Central limit problem. Calculate the probability that the flight will be overbooked.

Question

The problem said:

An airplane has 120 seats. The probability that a ticketed passenger will show up for a flight is 0.95. Assume that all passengers act independently and that the airline has sold 130 tickets for a particular flight.

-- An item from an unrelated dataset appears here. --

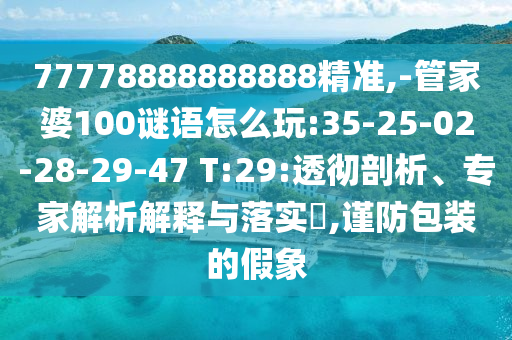 77778888888888精準,-管家婆100謎語怎么玩:35-25-02-28-29-47 T:29:透徹剖析、專家解析解釋與落實?,謹防包裝的假象

Using the Normal approximation to the Binomial (with appropriate continuity correction), compute the approximate probability that the flight will be overbooked.

I know I need to use the central limit theorem, and I start by defining indicator variables:

Xi= 1 if passanger i show up for a fligth, 0 otherwise.

Then the approximate probability that the flight will overbooked, defined by even OB is:

P(OB)=P(sum from 1 to 130 of Xi > 120)  

I know also that P(xi)=0.95

But I'm missing something to finish this problem, and found the correct solution wich the book said is: 0.886 or 88.6%. Thanks for your help.

Answer 1

Let $X_i \sim Ber(p)$, then $Y = \sum_{i=1}^n X_i \sim Bin(n,p)$.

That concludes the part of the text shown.